Learn more about the day-to-day of Data Science work through informational interviews with local data scientists, such as the members of the Bioinformatics and Data Visualization Service, Center for Integrated Research Computing, Department of Biostatistics and Computational Biology or other members of the Rochester Informatics network. 

INFORMAL OPPORTUNITIES FOR LEARNING AND NETWORKING

Attend one of the ongoing interest group meetings to learn more and network locally, including the Transcriptomics and Integrative Genomics Research Interest Group (TIGR) meetings, Biostatistics and Computational Biology seminar series, CTSI Seminar series or the CIRC Symposium series.

Take a local Bioinformatics Workshops offered through Miner Library,

Learn a programming language through Code School or Codecademy.

Take an certificate program, such as those offered by Johns Hopkins University or Stanford University.

Apply for the Data Science Incubator program.

ATTEND A COURSE ON THE TOPIC – OR EVEN A LECTURE OR TWO.

Investigate the MS program in Data Science

Consider a Graduate Certificate of Advanced Study in Biomedical Data Science. 

Genomics: Intro to Quantitative Biology (IND419) with Hucky Land, PhD

This is a graduate-level survey course that introduces concepts for the analysis of high volume biological data in the context of important current biological questions. No previous computational experience is required. At the end of this course, students should have a deeper understanding of the computational tools involved in the analysis of high volume biological data, focusing on web-based resources but also introducing core approaches in bioinformatics. As an advanced-level course, we will emphasize critical thinking and reading of the primary literature to understand original experiments, rather than abstract facts and memorization. Students’ knowledge, understanding and ability to formulate new ideas will be evaluated through homework and discussions.

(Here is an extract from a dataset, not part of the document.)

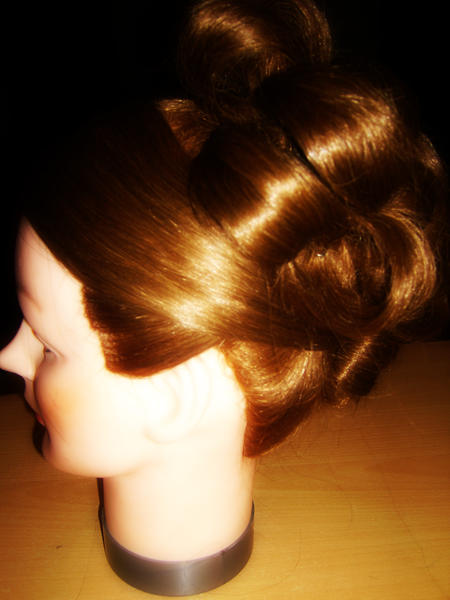 Voila cet apres midi j ai pris ma tete a coiffer que je n ai pas utilisé depuis tres longtemps et jme suis eclaté a faire un chignon rapide !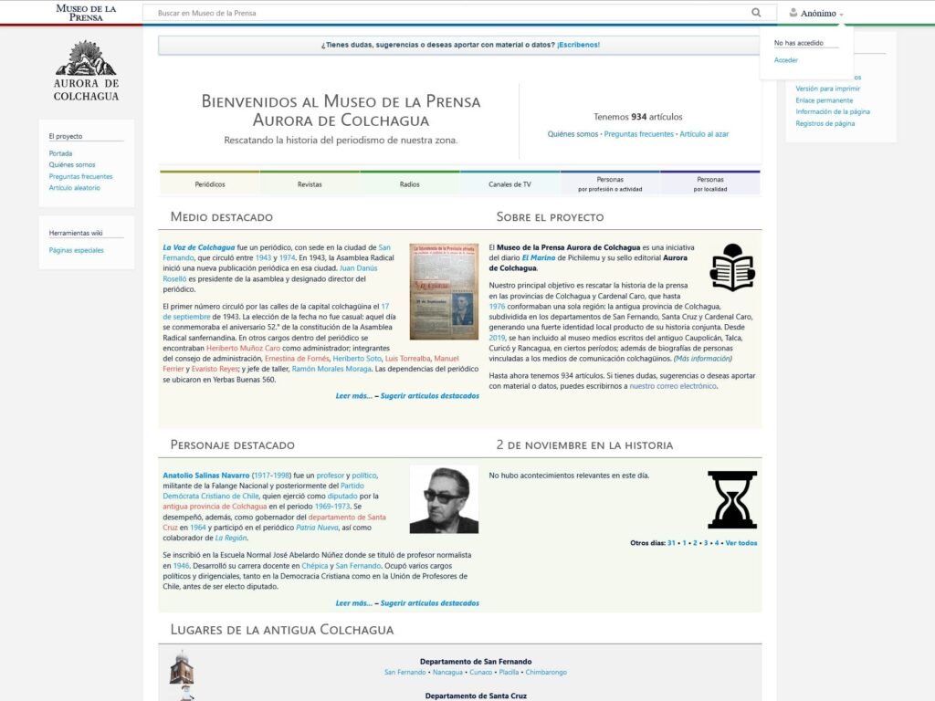 Este proyecto nació en 2018 a través del diario El Marino, con el objetivo de preservar y celebrar nuestra identidad local. En marzo de 2020, el “Museo de la Prensa” se transformó en la Enciclopedia Colchagüina, ampliando su enfoque a todos los aspectos relevantes de nuestra zona.

Informatics: Intro to Biomedical Informatics (PM494) with Tim Dye, PhD.

This course serves as an introduction to biomedical informatics, as applied in research and in clinical practice. It will provide a study of the nature of biomedical information and its capture, collection, storage, and use. Of particular interest in this course is the use of the electronic medical record (EMR) its use for research and its impact on health care delivery, the Internet and mobile computing, custom Health Care Information Systems, their development, selection and implementation, and the importance of the computing or informatics specialists in medicine and research and the various roles they can play, privacy, confidentiality and information security including health care regulatory and accreditation issues and the Health Insurance Portability and Accountability Act (HIPAA). The course will also introduce students to concepts of Biorepositories, Big Data, Data Science, and Health Care Analytics, particularly from the perspective of the informaticist responsible for managing data sources.

Statistics: Applied Statistics for the Biomedical Sciences (BST467) with Xueya Cai, PhD.

This is an introductory level biostatistics course designed for PhD students in the biomedical sciences. This course will cover the topics on probability and probability distributions, sampling distributions, statistical inferences from small and large samples, analysis of categorical data, analysis of variance, correlation and simple linear and non-linear regression analysis. All analytical topics will be illustrated using examples from biomedical sciences areas. Audits are not permitted in this class.